I knew this new pope seemed a little icky. This weekend Pope Benedict empowered the world’s bishops (they’re the hat-lookin’ pieces three spots from the edge of the board, right?) to begin using the traditional rite known as the Tridentine Mass. Spoken entirely in Latin, it was abandoned by the Vatican Council in 1970 for the more user-friendly mass heard in today’s churches (not that I would know.)
Pope Vader is apparently trying to appease some more traditional groups within the Catholic church by extending them the option of returning to the Latin mass, which contains a passage stating that Jews live in “blindness” and “darkness” and asks God to “remove the veil from their hearts.”
According to Clerical Whispers, Reverend Philip Eichner, the chairman of the board of the Catholic League for Religious and Civil Rights, said the references to conversion are well meaning not anti-Semitic. “We would say everyone who doesn’t see Jesus is living in a certain amount of darkness, and we want them to see the light,” he said.
Although we should all be grateful that the part that refers to the Jews as “perfidious” (go ahead, look it up, I had to) was removed from the liturgy in 1969, you know our main man Abe Foxman had something to say about it. Specifically, he called it a “body blow to Catholic-Jewish relations” and was “deeply offended that nearly 40 years after the Vatican rightly removed insulting anti-Jewish language from the Good Friday Mass, that it would now permit Catholics to utter such hurtful and insulting words by praying for Jews to be converted.
As usual, the fact that good ol’ Abe gets totally indignant over stuff like this means that I don’t have to. Meaning, yeah, it’s really lame of ol’ Popey to kowtow to a small minority of the Church and allow culturally inappropriate material in a world that has a hard enough time keeping it together as it is, but I’m not going to let it bunch up my panties. (But bless Abe Foxman for being my Semitic Superhero.)
Reverend Richard John Neuhaus, editor of the Catholic journal First Things, preaches a similar apathy:
“We’re talking about one sentence that occurs once a year. That’s not to say it is unimportant, but the things done with Catholic-Jewish relations over the past half-century is not going to be compromised. The church’s commitment to a respectful dialogue with Judaism is irrevocable.”

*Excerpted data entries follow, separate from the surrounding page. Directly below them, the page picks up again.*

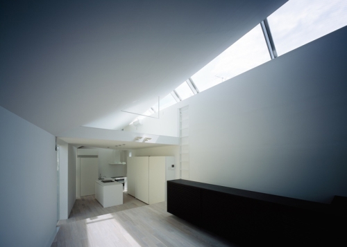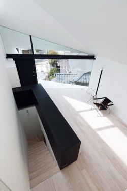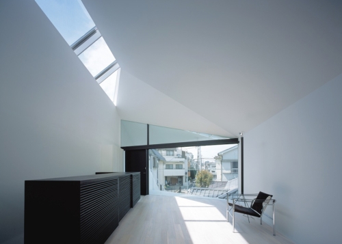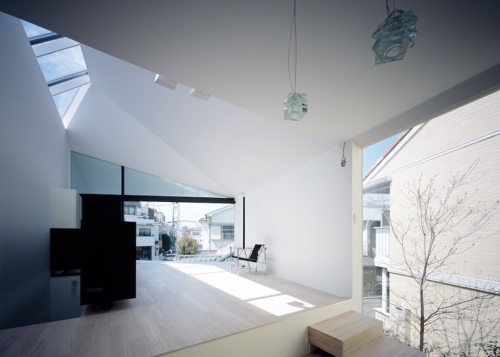 „Neblokirani pogled na nebo koje se pruža kroz svetlarnik pruža takav efekat da stanari zaborave da se nalaze u kući koja je smeštena u gusto naseljenoj stambenoj zoni“, objašnjavaju arhitetke. Stepenište pod blagim nagibom protežu se duž zida koji je pod uglom i predstavljaju glavni ulaz u kuću.
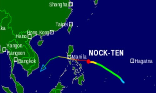 Được hình thành ở phía đông Philippines từ khoảng ngày 20/12, bão Nock-ten đã mạnh lên và 13h chiều nay cách bờ biển miền Trung Philippines khoảng 400 km, sức gió mạnh nhất đạt 180 km/h, tương đương cấp 15.
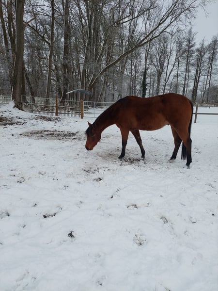 CC Electric Highlight ist ein bildhübscher Quarter Horse Wallach, geboren am 07.04.2023. Er ist bayfarben und wird voraussichtlich ein Endmaß von etwa 153 cm erreichen. Als 1a Prämienfohlen überzeugt er durch sein sehr korrektes Gebäude, seine kräftige Bemuskelung und äußerst vielversprechende Proportionen. Der Wallach ist rundum gesund und genetisch getestet (5-Panel, PSSM 2 sowie IMM n/n). Er wächst artgerecht im Herdenverband mit Gleichaltrigen auf und kennt sowohl Tierarzt als auch Hufschmied. Er ist regelmäßig geimpft und entwurmt. CC Electric Highlight besitzt einen ausgesprochen lieben und menschenbezogenen Charakter. Er zeigt sich aufgeschlossen, nervenstark und brav im täglichen Umgang. Durch seine Lernwilligkeit und seine tägliche Handhabung ist er gut vorbereitet und kennt das komplette Fohlen-ABC, inklusive sicherem Halfterführen. Wäre jetzt bereit in die Ausbildung zu gehen. Er zeigt gute, korrekte Bewegungen und stammt aus einer erstklassigen Reining- und Cutting-Abstammung (Jacs Electric Spark x High Brow Cat). Damit verspricht er, ein äußerst interessantes und hochwertiges Prospekt für den Showeinsatz zu werden.
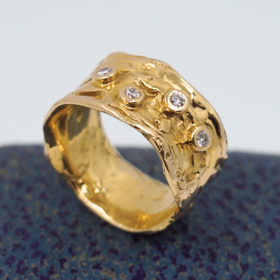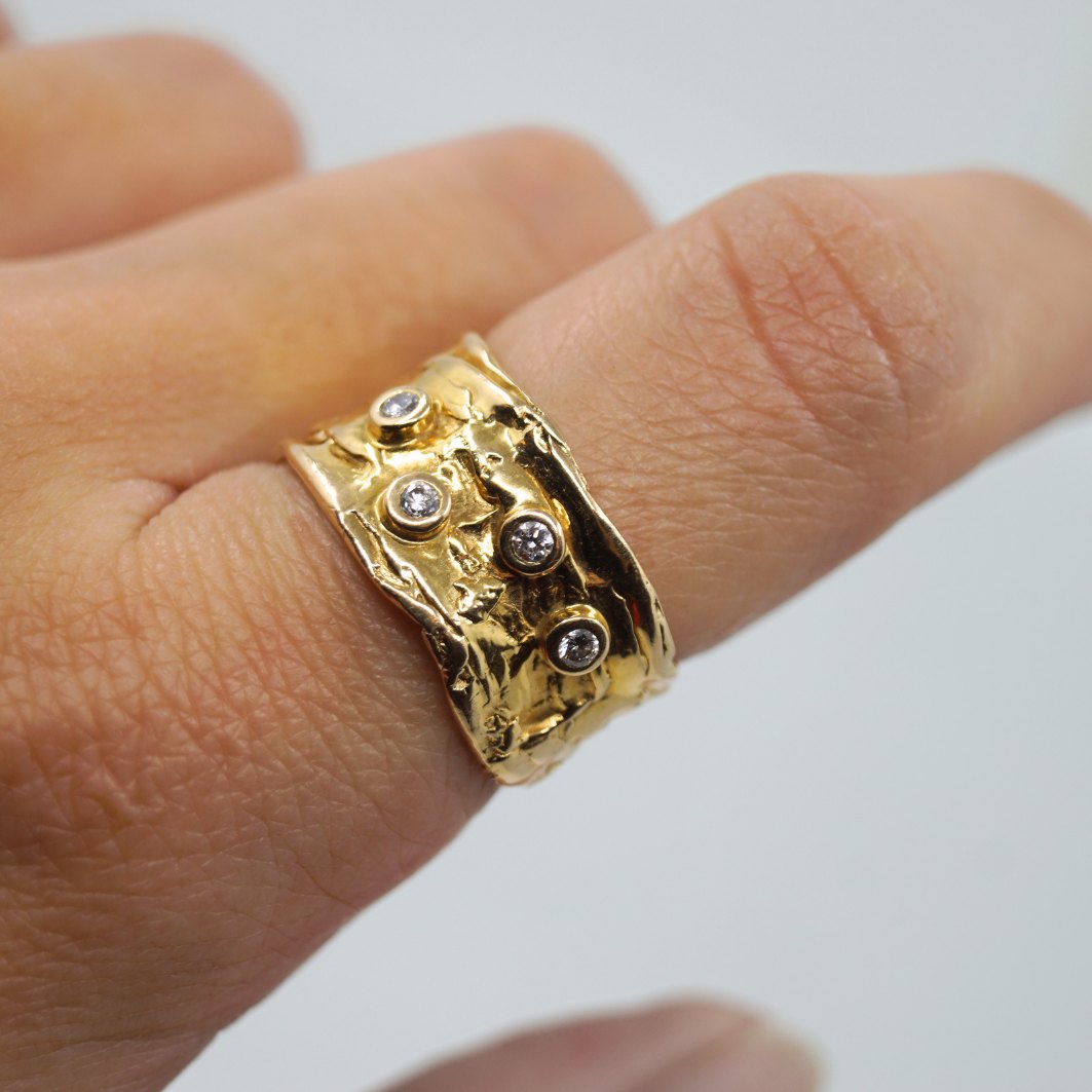Henning Skovgaard; Bred ring i 14 kt. guld med diamanter

Cardinal Jean-Pierre Ricard, the head bishop in France, doesn’t expect a sudden demand the all-Latin Mass. I dont see a tsunami coming, he dryly told French newspapers.
Seriously, though doesn’t the Church still have far bigger bigger problems than even the Foxy Abe, formidable as he is?
Perhaps people might wanna take alook and some of the translations in a plain old standard siddur before getting into a snit about this.
Thanks, but I’ll stick with Alenu, especially the version in the Spanish and Portuguese ‘rite’ by R’ David DeSola Poole (Congregation
Sheareth Israel, W70th Street, NY). I agree with your praise for Abraham Foxman – he’s the best we could ask for.
Actually, the censored sentence (removed after complaints in 1499 by the church) has been in both the Ashkenaz and Sephard version of Rabbi Arthur Scroll‘s siddur from the beginning.
I do not know how to switch to post in Lashon Hakodesh so I will put in the tranliteration.
She’heim mishtachavim lahevel varik, umishtachavim le-eil lo yoshia
At one time when I was arguing with the missionaries on alt.messianic and fighting them off on soc.culture.jewish (many years ago) I mistranslated the first half as
An they bow to the idol varik as a dig at the reason they gave for insisting it be removed from the siddur.
Sorry I made a mistake, I meant 1399 (see the Art Scroll comment on that line in Aleinu for Shacharis).